4.2.5 Enzymatic analyses
Total microbial activity was determined by FDA-hydrolysis according to Adam
and Duncan (2001). Fresh soil samples (1.5 g) were mixed with 9.9 ml of sodium
phosphate buffer (pH 7.6) and then incubated in a 25 mL flask, for 1 hour at 25 °C
in an incubation bath.

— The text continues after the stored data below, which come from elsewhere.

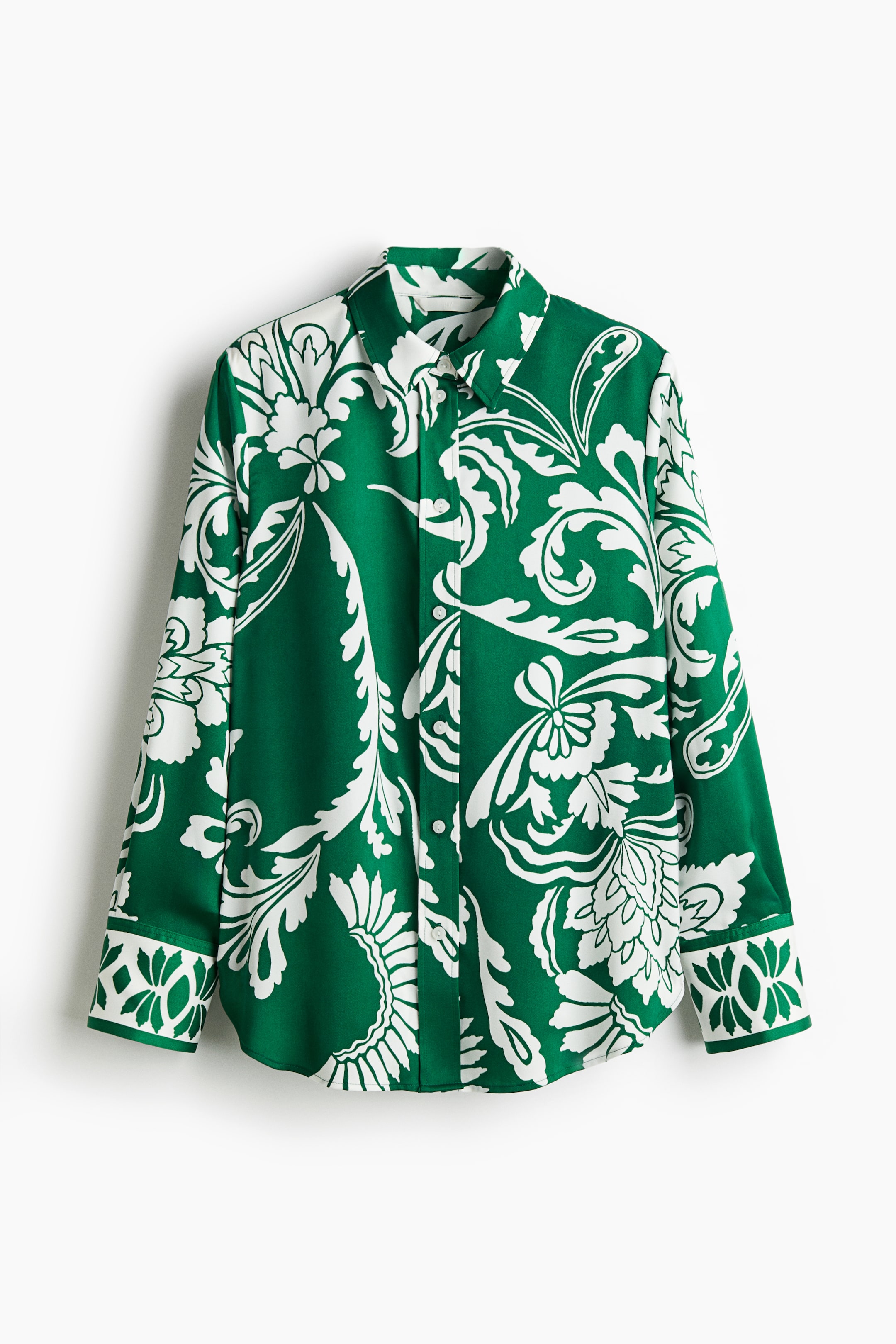 Shirt in woven fabric with a slight sheen and an all-over pattern. Collar, buttons down the front and a yoke with a box pleat at the back. Long sleeves with buttoned cuffs and a sleeve placket with a link button. Rounded hem.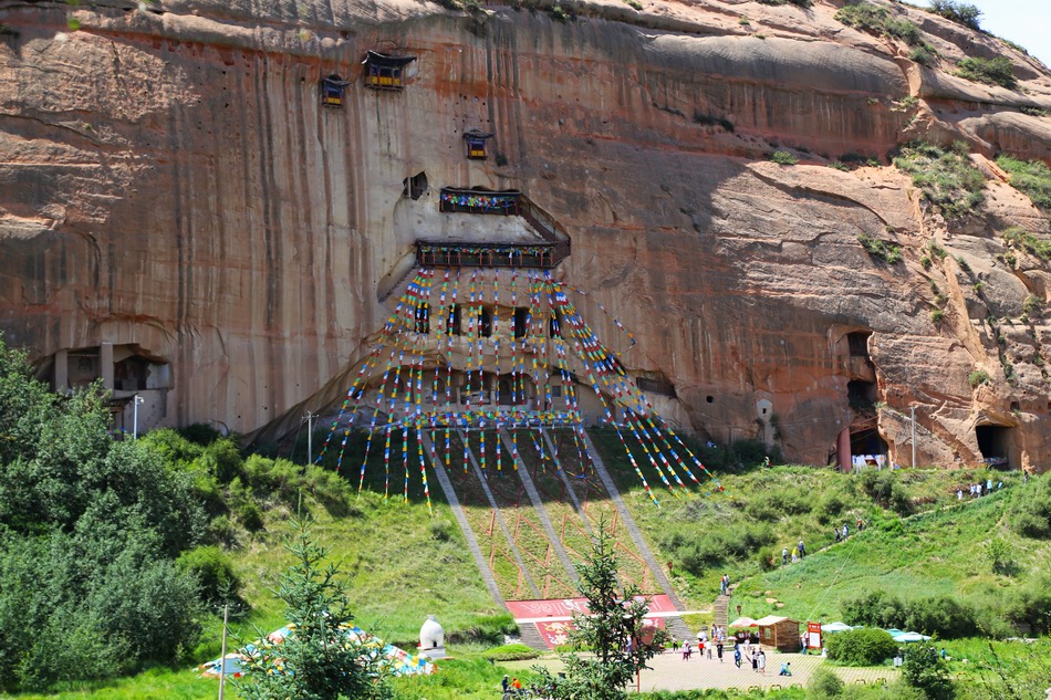 它沒(méi)有森嚴(yán)寶殿,沒(méi)有瓊樓玉宇,沒(méi)有古木參天,它有的,只是一面巨大的陡直平整的紅色光禿崖壁,山壁里開(kāi)鑿了上下七層有如迷宮般的洞窟,共二十一窟,下大上小,呈寶塔形,這種結(jié)構(gòu)的石窟造形獨(dú)特,難得一見(jiàn)。洞窟層層疊疊,每層之間都有隧道相通,由第一層北邊入內(nèi),隧道呈之字形,回廊曲折。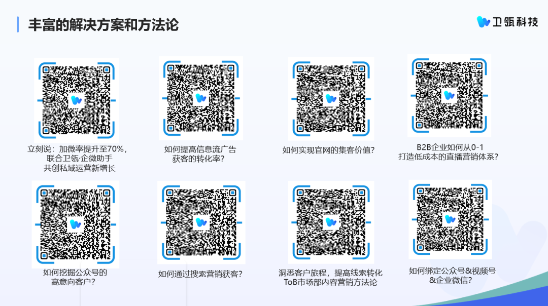 专注ToB。市场上有部分公司,不管是大客户小客户、toB 、toC,都可以提供一站式全能解决方案,但这也会导致产品的功能逐渐趋同。而卫瓴只专注于做中型或者中小型的 ToB 公司,这个定位明确以后,产品的功能也就会更加聚焦。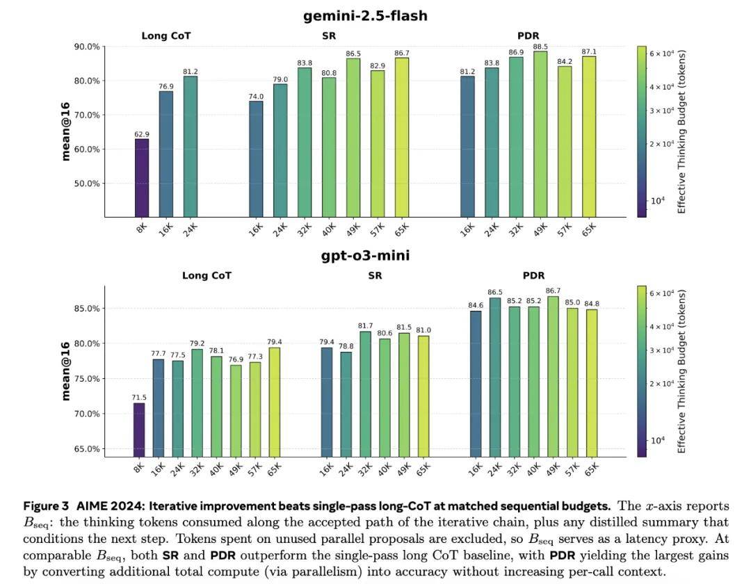 对于 o3-mini,在有效预算为 49k token、每次调用思维预算为 16k token 时,准确性从 76.9(长链推理)提升至 81.5(SR)和 86.7(PDR),相较长思维链,绝对值提升了 +9.8 个百分比。gemini-2.5-flash 从 SR 到 PDR 的变化小于 o3-mini,表明 gemini-2.5-flash 在自我验证方面更强。
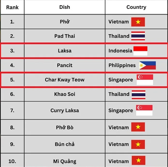 A list of the Top 10 Most Popular Noodle Dishes in Southeast Asia was recently released by TasteAtlas. The list has been reposted on social media and netizens, especially Malaysians, are not happy about it. Popular dishes like Laksa, Char Kway Teow, and Curry Laksa made it onto the list but much to everyone’s disappointment, those dishes were not labelled to be from Malaysia.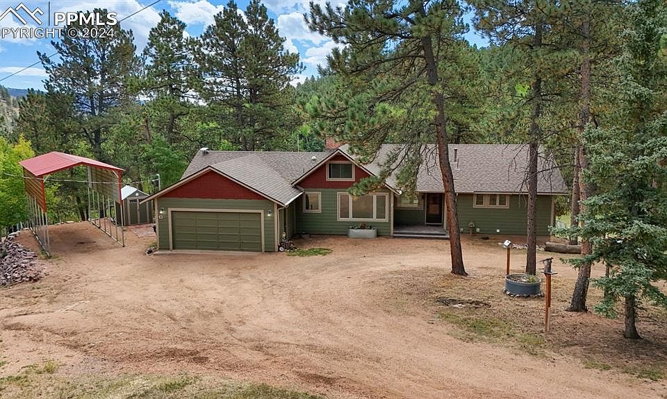 This one-of-a-kind gem will not last long! Welcome home to this peaceful 5-acre secluded lot located at the end of a culdesac with mature trees, a private meadow and plenty of room to watch the animals roam. The property is immaculate, complete with a two-horse loafing shed, 3 additional storage sheds, two RV carports, a large fire pit area, two decks, and one with a hot tub to enjoy the stary nights. This charming rancher has main-level living at its finest. A roomy entry with hardwood floors leads to a sunroom, soaking in the morning sunlight, complete with a walk-out deck. The kitchen features hardwood floors, cabinets, granite countertops, and a stone backsplash. The living room is very cozy, with a pellet stove and large windows overlooking the views. The main level also boasts two primary suites. One with a private deck and hot tub. The other has a large bath complete with a soaking tub. There is also a secret kids loft space play area above the kitchen! The lower level can be used as extra living space or a possible 3rd bedroom. This house has hardy plank siding, triple pane windows, stamped concrete porch, and Trex decking. If you are looking for a tranquil place to call home only 5 minutes from Woodland Park and all the convinces of town, this is the perfect blend of both! Come take a look, you might just fall in love!

At the end of incubation, the reaction was stopped by adding
10 ml of acetone. FDA stock solution was added to a triplicate set of samples
whereas blank controls were prepared with buffer only. After filtering the solutions
(Whatman No. 42), absorbance was measured at 490 nm by UV Visible
Spectrophotometer (Cary 50, Varian Australia Pty Ltd.). The concentration of the
released fluorescein was calculated by a calibration curve with standard quantities
of fluorescein, and the results were expressed as µg FDA g-1
h-1
. Acid phosphatase
activity in soil was measured using the method of Tabatabai and Bremner (1969),
using p-nitrophenyl-β-glucopiranoside as substrate. In plastic tubes fresh soil
samples (1 g) were placed and the reaction started with the application of p-
nitrophenyl-β-glucopiranoside. After incubation for 1 hour at 37 °C the release of
p-nitrophenol (pNP) was measured by determining spectrophotometrically
absorbance at 400 nm. Four replicates, including one blank, were used for each soil
sample. The acid phosphatase activity was expressed as µmol PNF g-1
h-1
.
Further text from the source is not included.